Arab Street is now well known for selling carpets and textiles. The whole of the Arab street stretch as we know of is a tourist attraction. Being heavily branded as such, one would expect sales to be booming for the patrons here however the opposite is true.  However, talking to one of the shop owners i found out that tourists do not come into the shops much and even if they do, it is too look around and snap photos without making any purchases. Even if they visited for shopping, it would only be before 9AM which is before they are even open. I discovered that tourist agents expect a commission of $10 per person before they will entice their clients to purchase the products. The vendors along Arab Street do not accede to this and hence, they experience a lack of business from these tourist groups. This is unlike other places such as Chinatown where shop owners agree to pay the fee. They also compared how business was like then and now, where they said that it is very difficult to get buyers now as compared to then when they used to be so busy they hardly had time for lunch. From here i could not help but ponder about the future of these shops - what if business continues dwindling over the years? Will we see the end of this iconic stretch of shops that has long coloured our Singaporean landscape? The future may not be as we remember it now 


The Aljunied Brothers at No. 91 & 95

Along the street are two shops under the same name, 'Aljunied Brothers'. Both are registered businesses, and are 3rd generation shops. Back then, they were originally ran by two brothers from the Aljunied family which means the current owners are their grandchildren who are 2nd cousins with each other. The shop at 91 specialises in textile lace, and the one at 95 in attar and batik. One may wonder the need for separate shops under the same name and hence i went to enquire:



(1) The first shop used to sell Batik in the past as it had a workshop in Indonesia, but now it specializes in Peranakan Kebaya and has been doing so for about 20 years. Almost 99% of their customers are local, and 80% of which are Peranakans. The strong appeal to the Peranakans is due to the production of handmade and exclusive batik - which is how the shop differentiates itself from the rest of the businesses here producing the same goods.


(2) The second shop is Aljunied Brothers at No. 95, which carries agarwood (an aromatic, resinous wood) and its related products, frankincense and myrrh from Oman and Greece and a wide variety of perfume oils from the Middle East and France.
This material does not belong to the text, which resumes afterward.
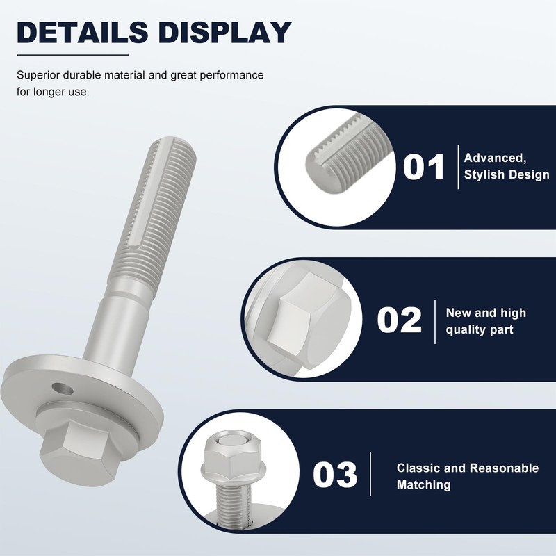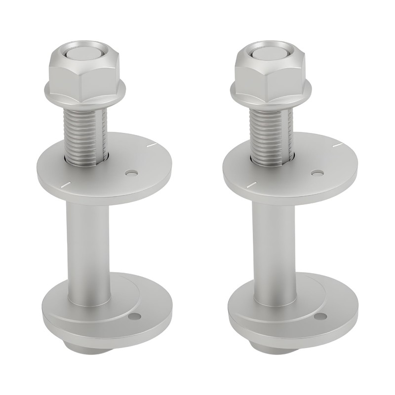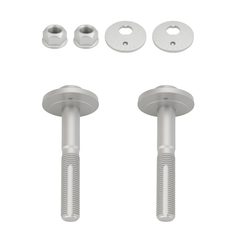 - Package Included:2 camber adjusting eccentric bolts, 2 lower control arm adjust cams, and 2 suspension trailing arm nuts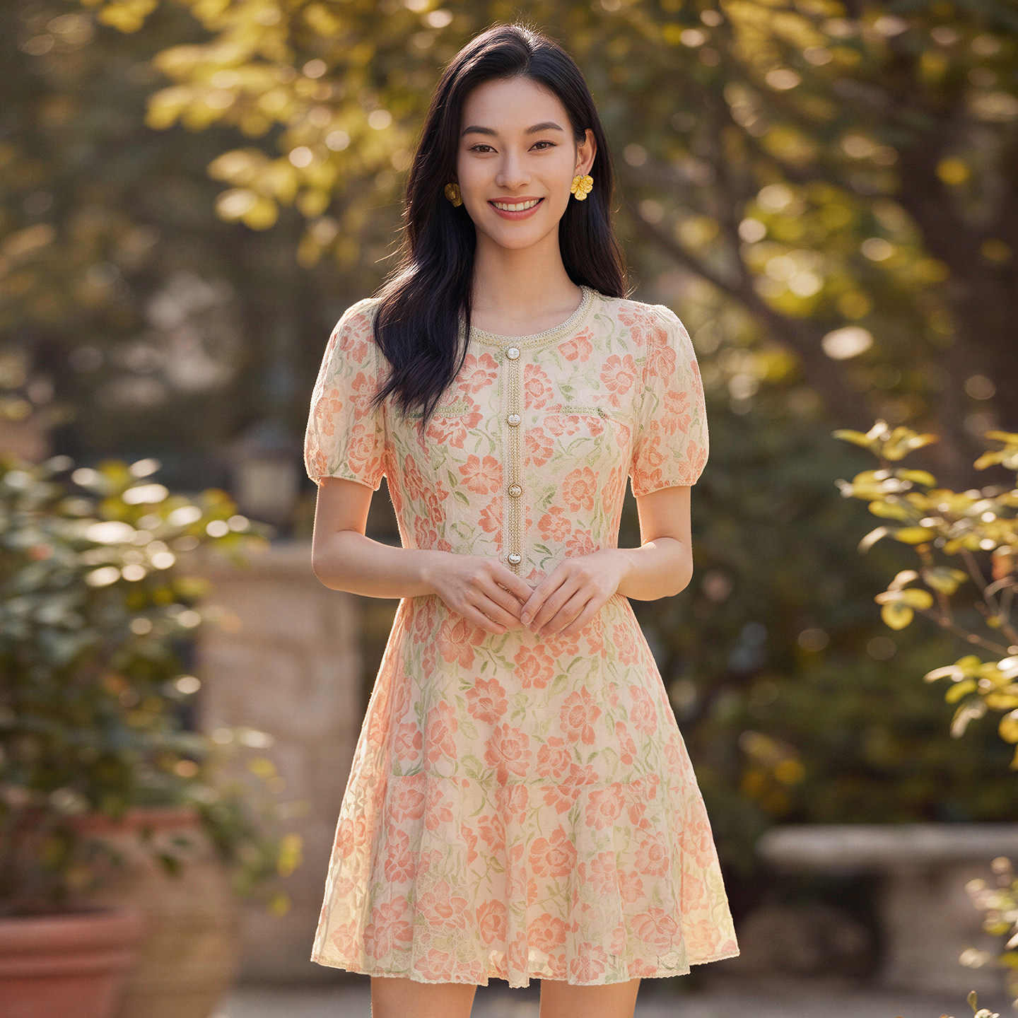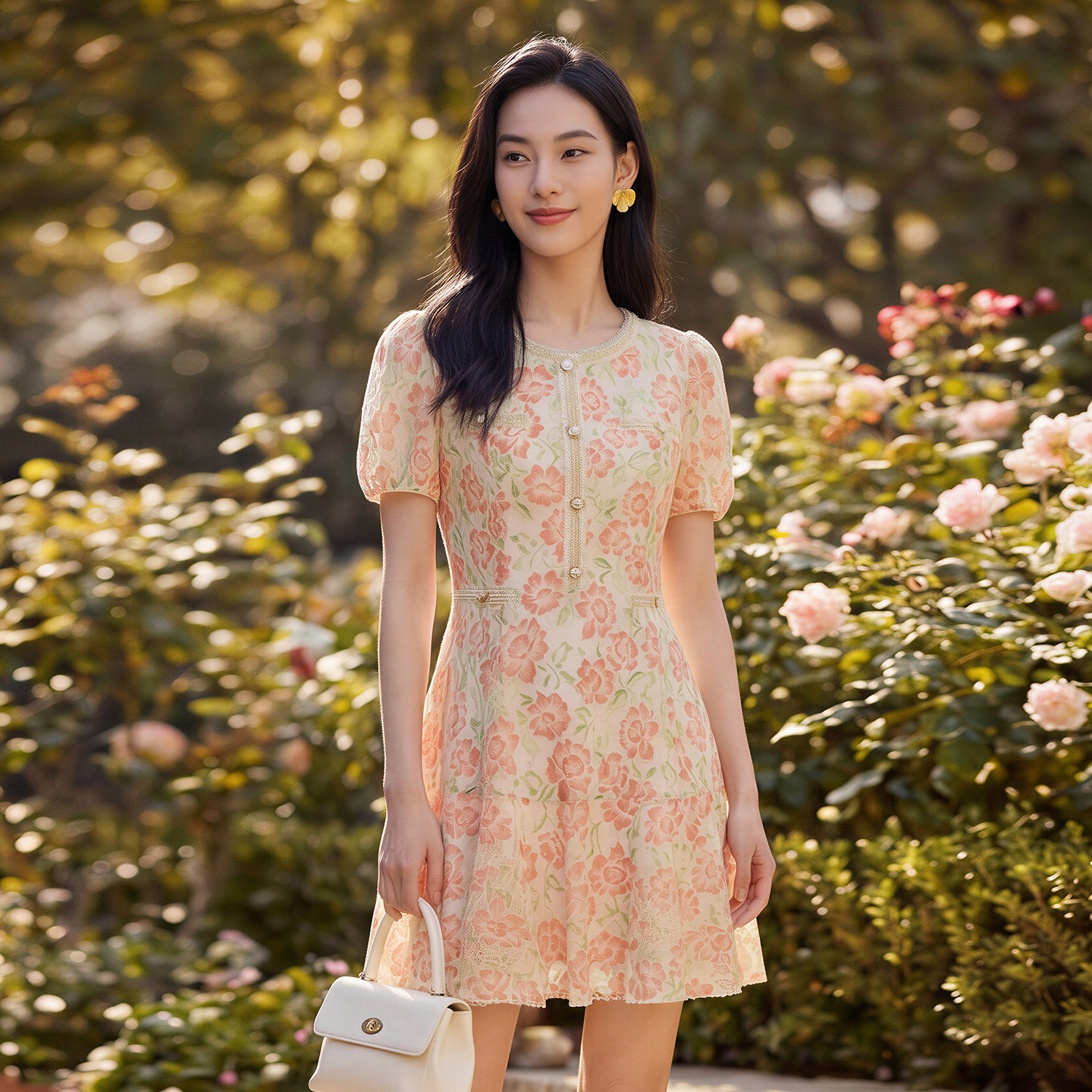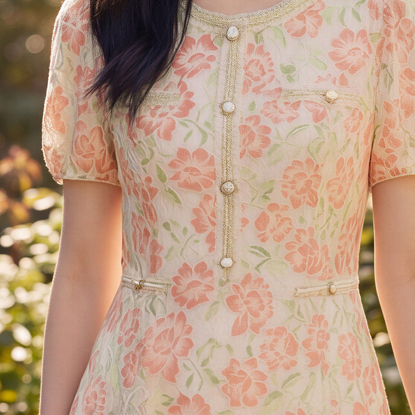 花卉蕾丝连衣裙圆领泡泡袖 新款 马天奴2026夏季 高腰裙A型 TENO

Here, one can also find Black Seed (Nigella Sativa) products, traditionally used in the east to strengthen the immune system, and the prized Arabian honey from Wadi Do’an in Hadhramaut. It has been selling the same product for all the years that it has been around. The shop is popular with locals and has a fair share of customers from the Middle East. Aljunied Brothers was established in 1966 by Mr Syed Haroon Bin Hassan Aljunied and his sons, Mr Abdullah bin Haroon Aljunied and Mr Junied Bin Haroon Aljunied. Syed Haroon started his business by selling perfumes and had earlier set up Toko Aljunied in 1938, then located at 737 North Bridge Road. Aljunied Brothers is now managed by his grandsons, Mr Hasan and Mr Ahmad Abdullah Aljunied.
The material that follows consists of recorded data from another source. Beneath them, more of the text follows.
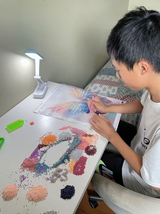 钻石画是一种创意手工,把一颗颗小小的、闪闪发亮的“钻石”贴到画布上,慢慢拼出一幅漂亮的图画。就像马赛克一样,每颗小钻石都很重要,拼在一起就能变成魔法般的作品。对 WK来说,这不仅是个爱好,每完成一幅作品,他都会觉得特别自豪和开心。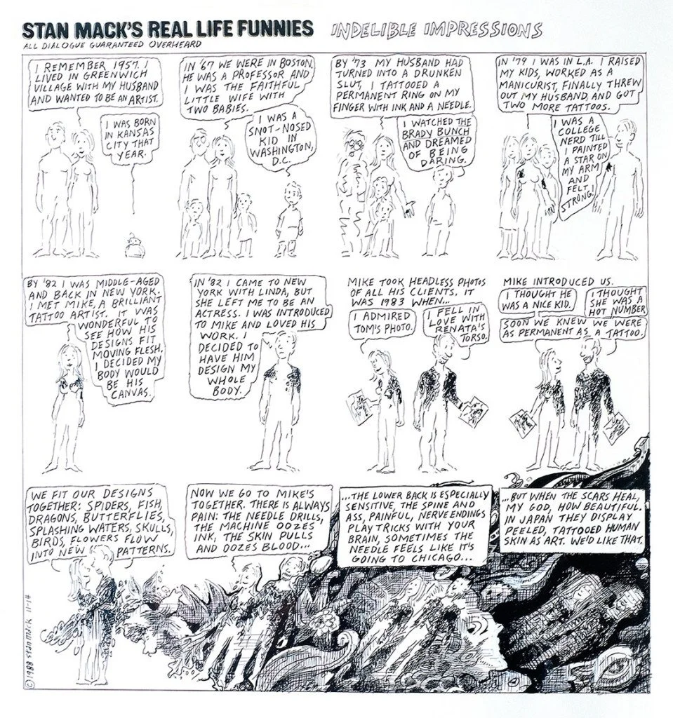 In “Indelible Impressions”, Renate and Tom are introduced by Mike via photos of their tattoos. This story takes place in the mid-1980s, when Mike was working from his studio on the Bowery.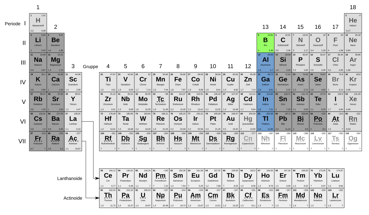 Credits Stellung der Borgruppe im PSE Grafik: Mrmw, Periodensystem newdraft, bearbeitet von MK, CC0 1.0↩︎

I have heard of the 'Aljunied' fued online where allegedly, the brothers quarrelled and had a huge argument, leading to their separation and producing two different shops with similar names. But upon talking to the owners, I found out the 'feud' had been blown out of proportion. The brothers had simply wanted to diversify and focus on selling different things and hence the separation was for practical reasons. Nevertheless, the longevity of the two stores are a testament to the legacy of the Arabs in trading in Singapore.